Atopik Dermatit (AD) görülmesinde genetik ve çevresel etkenler çok önemlidir. Atopik Dermatit tanısı konan çocukların %60-70 kadarının ailesinde alerji öyküsü vardır.
Atopik Dermatitte deriyi koruyan dış tabaka normal koruma görevini yerine getiremez. Deri elastikiyetini kaybetmiştir.Deriden su kaybı normalden fazla olur. Dış ortamdaki yabancı maddeler deriden kolayca içeri girer. Derideki sinir uçlarının hassaslaşması sonucu gelişen kaşıntı deri sağlamlılığını daha da bozar.
Atopik Dermatit oluşumunu kolaylaştıran nedenlerin başlıcaları; deriyi uyaran alerjenler, terleme, derinin kuruması, enfeksiyon, bazı döküntü yapan hastalıklar, deriyi uyaran yün, naylon, akrilik, parfüm ve parfümlü ürünler, kozmetikler, sabunlar, temizlik maddeleri, alkol içeren ürünler, boyalar ve boyalı ürünlerdir.

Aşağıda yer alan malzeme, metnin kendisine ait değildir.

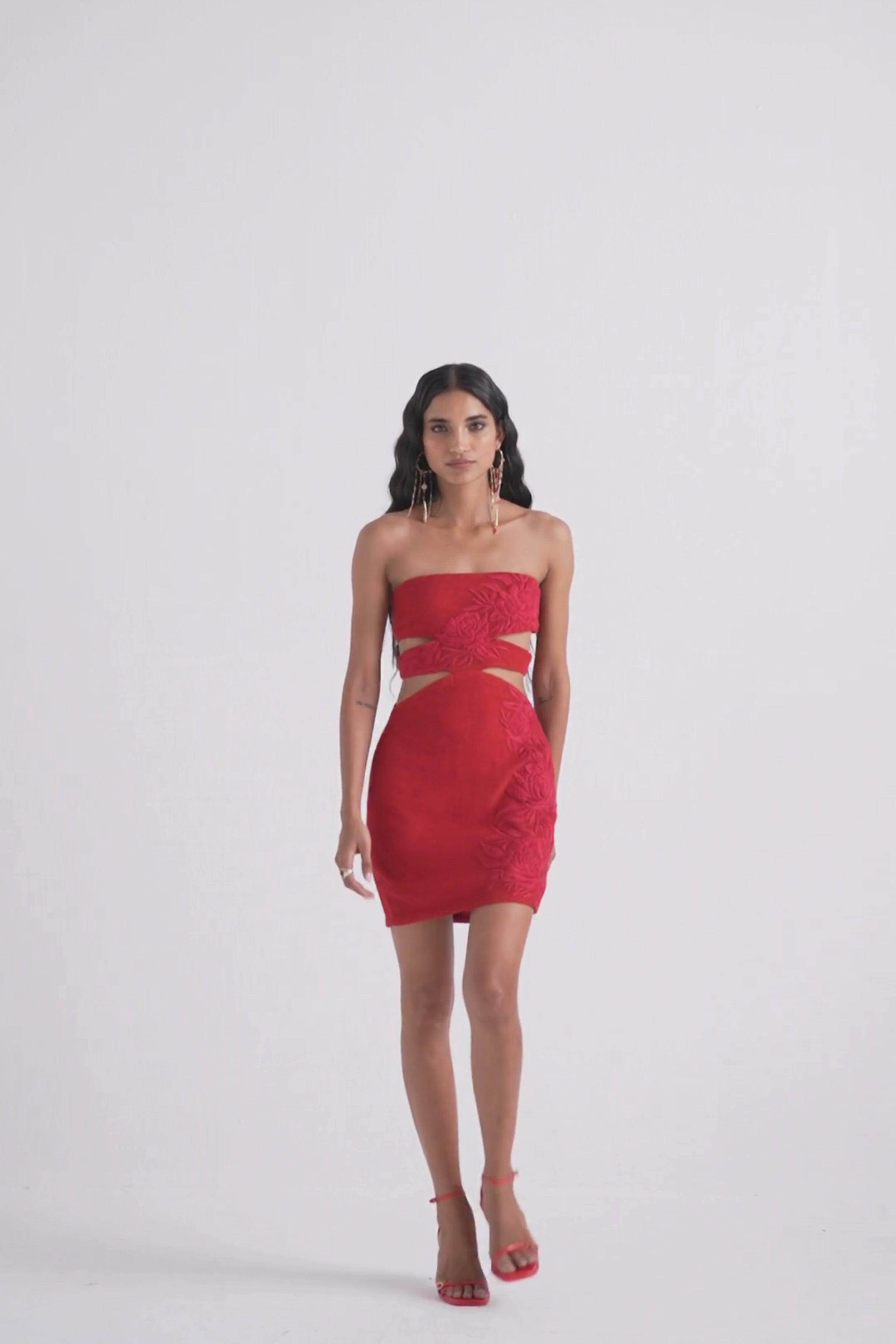 Command attention with the bold allure of this striking red bandeau mini dress, an exquisite fusion of modern sophistica… Read more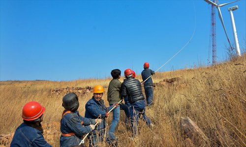 Workers install a wind turbine in Yiyang county, Central China's Henan Province. Photo: IC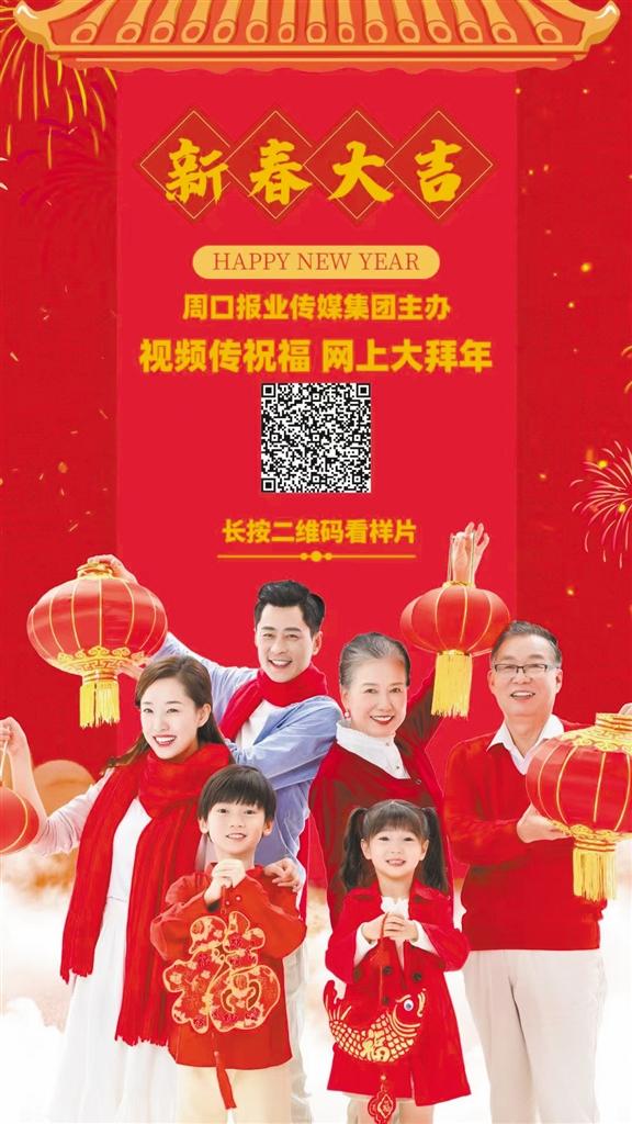本报讯 春节即将到来,受疫情影响,全国不少地方提倡就地过年。在此特殊背景下,周口报业传媒集团决定开展周口社会各界“视频传祝福 网上大拜年”迎新春活动,展现周口一年来的发展成就,共同为伟大祖国祝福,向各方亲人朋友报送平安、恭贺新年。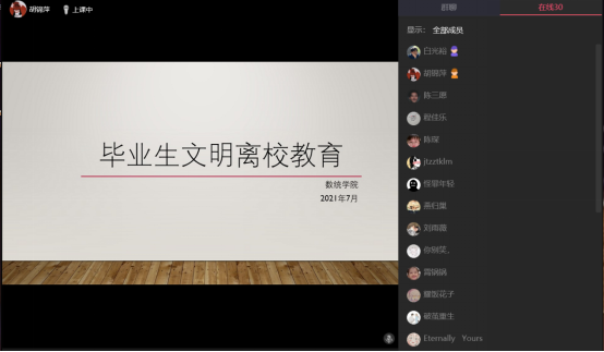 为确保毕业生文明离校、温暖离校,营造和谐文明的氛围,数学与统计学院各班召开毕业生离校教育班会。

Atopik Dermatit bulgularında üç evre vardır:
Akut dönem (İlk dönem): Deri devamlılığı bozulmuştur. Deride kızarıklık, şişlik, içi su dolu küçük kabarcıklar vardır. Deriden sızıntı şeklinde akıntılar ve deri üzerinde kabuklaşmalar görülür. Deri ıslak ve nemlidir. Kaşıntı belirgindir.
Subakut dönem (Orta önem): İlk dönemdeki bulgulara ek olarak deride pullanma, kalınlaşma ve dökülmeler gelişmiştir.
Kronik dönem (Geç dönem): Deri kalınlaşması, soyulma, soyularak dökülme belirgindir. Kaşıntı daha da çok artmıştır.
ATOPİK DERMATİT BULGULARI
Süt çocukluğu döneminde; en çok yüz, saçlı deri, kulak arkası, kol ve bacakların dış yüzeylerinde görülür.
Çocukluk döneminde (12-24 ay arası); boyun ve bileklerin iç yüzünde, popo bölgesinde, alt kısımlarında görülür.
Okul çocukluğu döneminde; dirsek ve diz bölgelerinde, yüzde, boyunda ve gövdenin üst kısmında daha sık görülür. Bazen sadece ellerde de görülebilir.
İleri yaşlarda deride kalınlaşma ve kaşıntı bulguları daha belirgindir.
ATOPİK DERMATİT TE KORUNMA
AD; uzun seyirli, duraklama ve alevlenmelerle seyreden süreğen bir hastalık olduğu için öncelikle korunma önemlidir. Kaşıntıyı uyaran tüylü, yünlü, kürklü, elyaf ve sentetik kumaşlar yerine pamuklu kumaşlar tercih edilmelidir. Özellikle iç giysiler olmak üzere çamaşırlar, elbiseler, yatak, yorgan ve yastık kılıfları özel hassas deterjanlarla yıkanmalı, çok iyi durulanmalı, içerde kurutulmalı hatta mümkünse kurutma makinesi ile kurutulmalıdır.
Küçük çocuklarda kaşınma ve vücutta oluşabilecek çizikleri önlemek için tırnaklar kısa kesilmeli, ellerine uygun eldiven ve ayaklarına çorap giydirilmeli. Özellikle küçük çocuklarda lezyonlu ve kaşıntılı bölgeler kapatılmalı.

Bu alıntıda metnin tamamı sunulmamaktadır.